◆ Records to use
=== Section Start ===

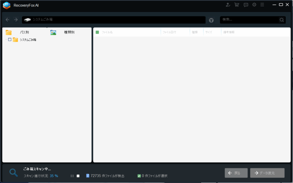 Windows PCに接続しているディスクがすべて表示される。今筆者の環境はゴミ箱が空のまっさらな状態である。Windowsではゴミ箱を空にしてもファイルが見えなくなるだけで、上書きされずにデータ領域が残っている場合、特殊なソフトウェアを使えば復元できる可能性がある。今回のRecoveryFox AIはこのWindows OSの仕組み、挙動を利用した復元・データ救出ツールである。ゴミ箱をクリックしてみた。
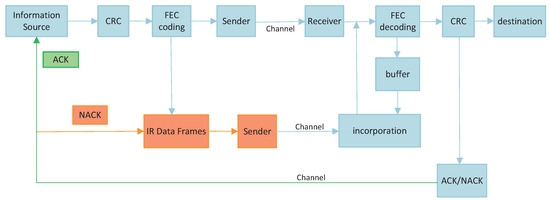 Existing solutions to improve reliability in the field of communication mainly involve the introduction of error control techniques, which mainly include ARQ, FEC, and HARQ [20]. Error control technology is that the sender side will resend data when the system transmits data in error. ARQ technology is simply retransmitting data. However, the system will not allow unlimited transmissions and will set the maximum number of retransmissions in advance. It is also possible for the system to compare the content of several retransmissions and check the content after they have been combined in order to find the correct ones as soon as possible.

=== Section End ===
=== Section Start ===

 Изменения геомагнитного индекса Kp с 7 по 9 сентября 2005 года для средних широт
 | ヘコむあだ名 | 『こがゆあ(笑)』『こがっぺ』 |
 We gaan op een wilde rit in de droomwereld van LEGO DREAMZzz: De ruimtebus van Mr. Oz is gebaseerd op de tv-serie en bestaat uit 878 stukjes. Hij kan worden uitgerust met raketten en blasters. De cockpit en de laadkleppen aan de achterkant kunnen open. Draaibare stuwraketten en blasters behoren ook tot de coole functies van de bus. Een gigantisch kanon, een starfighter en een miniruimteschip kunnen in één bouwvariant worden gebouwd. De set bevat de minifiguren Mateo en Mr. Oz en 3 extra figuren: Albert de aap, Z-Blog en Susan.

=== Section End ===

Given the records above, return exactly the lines starting at the line containing "Изменения геомагнитного индекса" and ending at the line containing "We gaan op een", including both.

 Изменения геомагнитного индекса Kp с 7 по 9 сентября 2005 года для средних широт
 | ヘコむあだ名 | 『こがゆあ(笑)』『こがっぺ』 |
 We gaan op een wilde rit in de droomwereld van LEGO DREAMZzz: De ruimtebus van Mr. Oz is gebaseerd op de tv-serie en bestaat uit 878 stukjes. Hij kan worden uitgerust met raketten en blasters. De cockpit en de laadkleppen aan de achterkant kunnen open. Draaibare stuwraketten en blasters behoren ook tot de coole functies van de bus. Een gigantisch kanon, een starfighter en een miniruimteschip kunnen in één bouwvariant worden gebouwd. De set bevat de minifiguren Mateo en Mr. Oz en 3 extra figuren: Albert de aap, Z-Blog en Susan.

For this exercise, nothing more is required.